The vaccine is specifically intended for the prevention of clinical malaria in children aged between 5 to 36 months. Nigeria is the second country, after Ghana, to approve the University of Oxford-developed vaccine. 100,000 doses of the vaccine are expected to be donated soon, after which market authorisation will begin, and the National Primary Health Care Development Agency will make further arrangements.
She said “NAFDAC in exercising its mandate as stipulated by its enabling law, NAFDAC Act CapN1, LFN 2004 is granting registration approval for R21 Malaria Vaccine (Recombinant, Adjuvanted) manufactured by Serum Institute of India Pvt. Ltd.
“The Marketing Authorization Holder is Fidson Healthcare Ltd in line with the Agency’s Drug and Related Products Registration Regulation 2021.
The R21 Malaria vaccine is a sterile solution of an adjuvanted protein vaccine. It is presented in a vial as a ready-to-use liquid formulation for intramuscular injection. The vaccine dosage is 0.5ml and contains 5µg of R21 Malaria antigen and 50µg of Matrix-M1 as an adjuvant.
“The vaccine is indicated for the prevention of clinical malaria in children from 5 months to 36 months of age. The storage temperature of the vaccine is 2-8 °C.”
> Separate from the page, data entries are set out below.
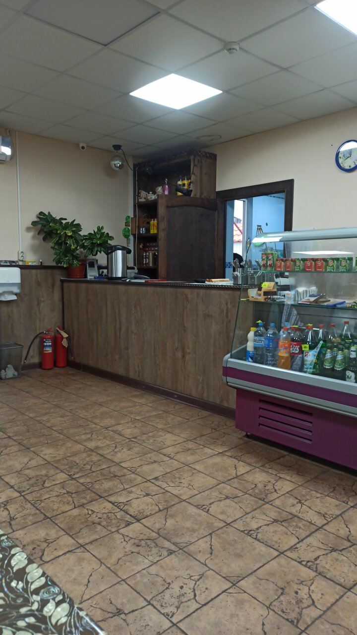 Хорошее придорожное кафе, с вежливыми аккуратными сотрудниками, приятным интерьером. Цены низкие, к примеру мой обед: суп харчо 120р, котлета куриная 60р, винегрет 50р. Вкус и качество еды мне понравилось, для такой категории — очень хорошо.
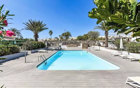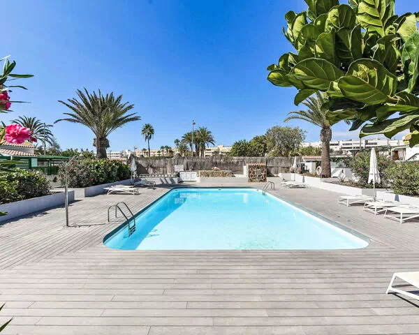 Der Außenbereich wird durch einen gemeinsamen, eckigen Swimmingpool geprägt, der das ganze Jahr über täglich von 10:00 bis 18:00 Uhr zur Verfügung steht. Der Pool bietet einen angenehmen Ort, um das warme Klima der Kanarischen Inseln zu genießen.
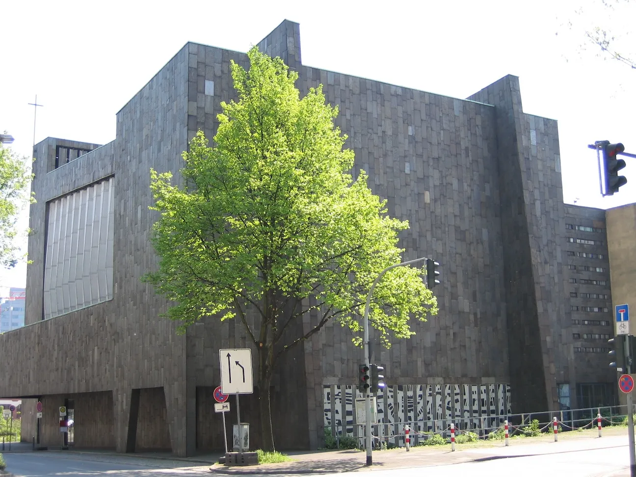 Der doppelgeschossige Stahlbetonbau wurde im Architekturstil des „Brutalismus“errichtet und steht beispielhaft für den architektonischen Zeitgeist der 1960erJahre.Die Glasfenster, der Baldachin und zahlreiche Einrichtungsgegenstände der Kirche stammen aus dem Pavillon des Vatikans auf der Brüsseler Weltausstellung von 1958.
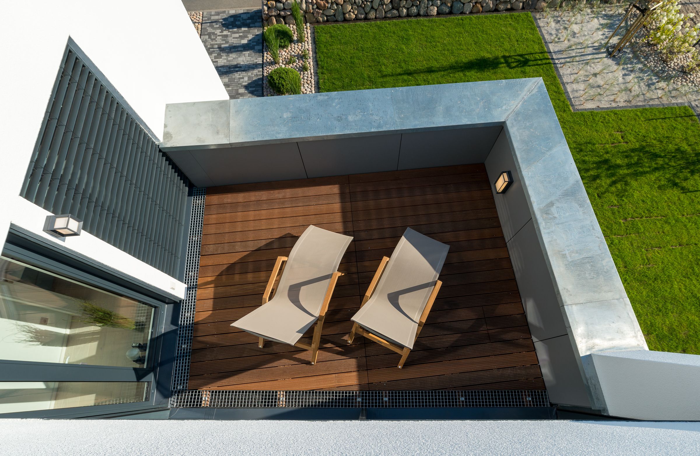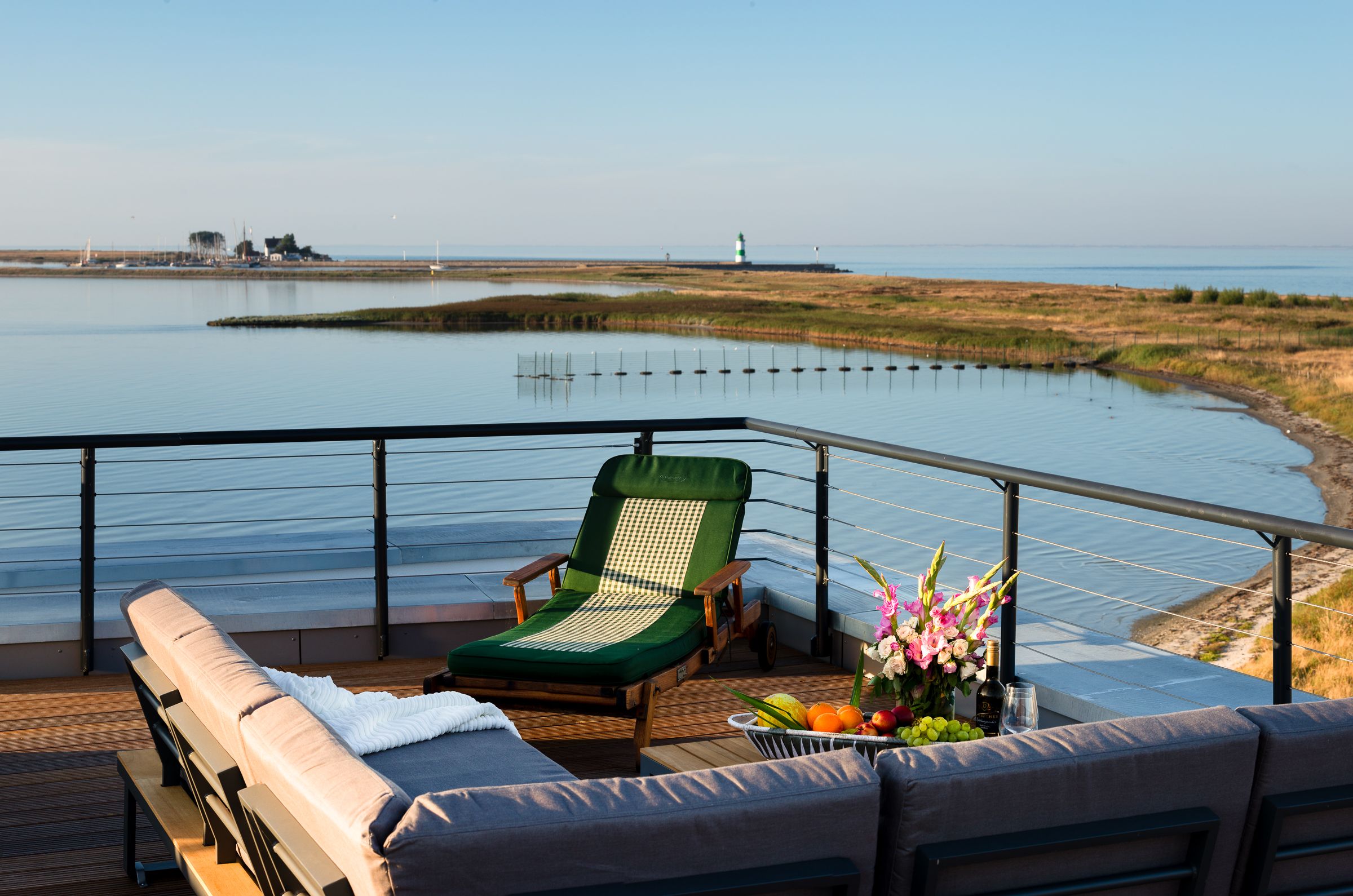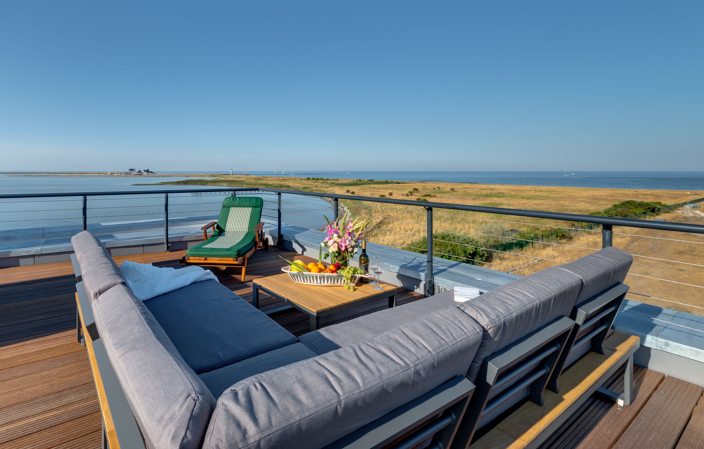 Vom Flur im ersten Obergeschoss geht es dann hinauf auf die große Dachterrasse. Ein elektrisches Fenster fährt auf und ermöglicht über eine Treppe den Zugang. Auf der Dachterrasse befinden sich eine gemütliche Loungegruppe und eine weitere Sonnenliege. Von hier aus haben unsere Gäste einen 360 Grad Blick auf die Ostsee, die Schlei und den Hafen des Ostseeresort Olpenitz. Der Sonnenuntergang über Maasholm lässt sich hier ebenso mit einem Sundowner genießen, wie der Sonnenaufgang mit einer Tasse frisch gebrühten Kaffee.

According to her statement, the vaccine’s dossier underwent independent review at two stages. The first stage involved an independent evaluation by NAFDAC’s Vaccine Advisory Committee. This evaluation was based on the World Health Organisation’s standards across relevant domains, as well as the International Council for Harmonisation of Technical Requirements for Pharmaceuticals for Human Use guidelines and European Medicines Agency guidelines. The second stage of the review process involved a rigorous assessment of the vaccine’s scientific validity, the context of malaria in Nigeria, and the best practices for research and manufacturing governance.
“NEVAC members reviewed all sections independently using best review practices and met physically in plenary to assess and debate the reviews by sections, raised queries, and made recommendations accordingly.
“Overall, the assessment was scored as adequate -fully compliant with standards, and the report was submitted to the Director General.
“The review of NAFDAC’s Committee has always been guided by the same international standards and best practices with the same modality of an independent review by members followed by long hours of plenary where a rigorous assessment of each review took place. The Committee also independently scored the assessment as satisfactory and forwarded it to the Director General.”
Prof Adeyeye further noted that the R21 malaria vaccine dossier complied substantially with the best international standards with which the dossier was benched-marked and it fulfilled the requirements for quality, safety, and efficacy.
“The Joint Review Committee recognised the importance of an effective malaria vaccine (with 75 per cent protection) as an additional interventional tool, as a critical need in Nigeria with the highest malaria burden.
“The Joint Review Committee also recommended additional phase four clinical trial, pharmacovigilance study in-country in the implementation given the peculiarity and heterogeneous nature of malaria in Nigeria.
“The Joint Review Committee was also interested in reviewing data of the human-malaria parasite dynamics of the 25 per cent not covered to understand issues bothering on non-protection that could inform further research.
“A provisional approval of the R21 Malaria Vaccine was recommended and this shall be done in line with the WHO’s Malaria Vaccine Implementation Guideline,” Prof Adeyeye concluded.